Человек с аккордеоном — страница 15 из 46

— Играете? — спросил Лопатин, протягивая дяде большую белую и мягкую, как у женщины, руку.

— Играю, — скромно подтвердил дядя.

— Студент? — прозвучал столь же лаконичный вопрос.

— Студент.

— Консерватории или гнесинского?

— Финансового, — признался дядя.

— Оно и вернее, — сказал хозяин и подмигнул дяде из-под профессорских очков крестьянскими хитрым глазом. Потом он достал из книжного шкафа бутылку коньяка, судя по загогулинам на этикетке, очень дорогого, и две пузатые, словно подсвеченные изнутри, рюмки. Пока он открывал бутылку, чуть брезгливо протирал салфеткой рюмки и смотрел их на свет, дядя Митя не мог отвести глаз от его белых манипулирующих рук — рук фармацевта, чародея, алхимика.

— Что смотришь? — угадав дядины мысли, спросил Лопатин. — Думаешь, раз гомеопат, то по капелькам цедить буду? Нет, брат-студент, по полной российской норме. А то я знаю вас, гармонистов, вы ведь без политуры и мехи свои не растянете.

Хозяин вновь посмотрел на дядю заговорщицким хитрованским взором «своего мужика», и дядя опять не без удовольствия ответил ему корректным вежливым взглядом.

Гости съезжались так, как выходят на сцену герои в классической многолюдной пьесе — друг за другом, спустя равные промежутки. Сначала дядя невольно обращал внимание только на отлично сшитые костюмы, на кольца и браслеты, которых было очень много, так много, что они назойливо лезли в глаза, сколько ни отворачивайся. Но потом он понял, что дело вовсе не в золоте и не в одеждах, сшитых легендарными портными, а в том, что это были люди из неведомого ему мира. Разумеется, он их встречал иногда, в театральных фойе, на улице, возле комиссионных, а чаще ювелирных магазинов, на стадионе у входа на Северную трибуну, — таким образом, его житейская дорога шла иногда параллельно их путям, но лишь впервые эти линии пересеклись. Впервые дядя очутился в их отдельном мире и сразу же понял, что ему лично делать здесь совершенно нечего. Он ничуть не переживал по этому поводу, ему стало даже смешно от трезвого сознания, что ни одна из здешних красавиц — а их было много, словно все самые красивые женщины Москвы и Московской области послали в эту квартиру своих делегаток — ни при каких обстоятельствах не обратят на него внимания. Его чисто умозрительные шансы были минимальны, практически они были равны нулю. Но он не был ни обижен, ни угнетен, он просто из своего угла — ну, не угла в прямом смысле, а так, из укромного, незаметного места — рассматривал этих женщин, холеных, притягательных и в то же время, на удивление, лишенных того необъяснимого умения создавать вокруг себя настроение и атмосферу, без которого жизнь, даже не владетелей, а только сторонних наблюдателей красоты теряет очарование.

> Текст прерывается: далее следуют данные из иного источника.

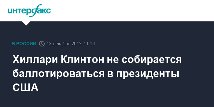 Вашингтон. 13 декабря. INTERFAX.RU - Госсекретарь США Хиллари Клинтон во время интервью телеканалу ABC подтвердила, что не намерена принимать участие в президентских выборах в США в 2016 году.

Шум, раздавшийся в прихожей, смех, преувеличенные звуки поцелуев — все свидетельствовало о том, что прибыли наконец молодые. Некоторые из гостей, вероятно близкие родственники, ринулись в переднюю. Поцелуи и смех вспыхнули с новой силой. Но вот на пороге появился высокий молодой мужчина в небрежно расстегнутом смокинге, и дядя отметил про себя с некоторым уже профессиональным опытом, что это, несомненно, жених. Он был слегка, вполне обаятельно пьян и неопределенными, пластичными жестами длинных рук иронически объяснял, что невеста прибыла, что она, естественно, задерживается где-то там, поправляет прическу, пудрится, в сотый раз глядится в зеркало или натягивает чулок на прекрасной длинной ноге. Друзья окружили счастливца. Он целовался с мужчинами, изящно переламывался надвое, припадая к дамским ручкам, он хохотал, обнажая замечательные зубы, так, что видны становились литые мощные бабки, он разводил покорно руками: вот, мол, и меня не миновала чаша сия, он легко напружинивался и, обхватив за плечи двух ближайших своих старших приятелей, нашептывал им нечто такое, отчего они принимались хохотать, лучисто сияя золотыми коронками. А жених утомленно и снисходительно улыбался — у него было лицо развитого и хитрого мальчика, как-то неподходящее к его сильной мужской фигуре.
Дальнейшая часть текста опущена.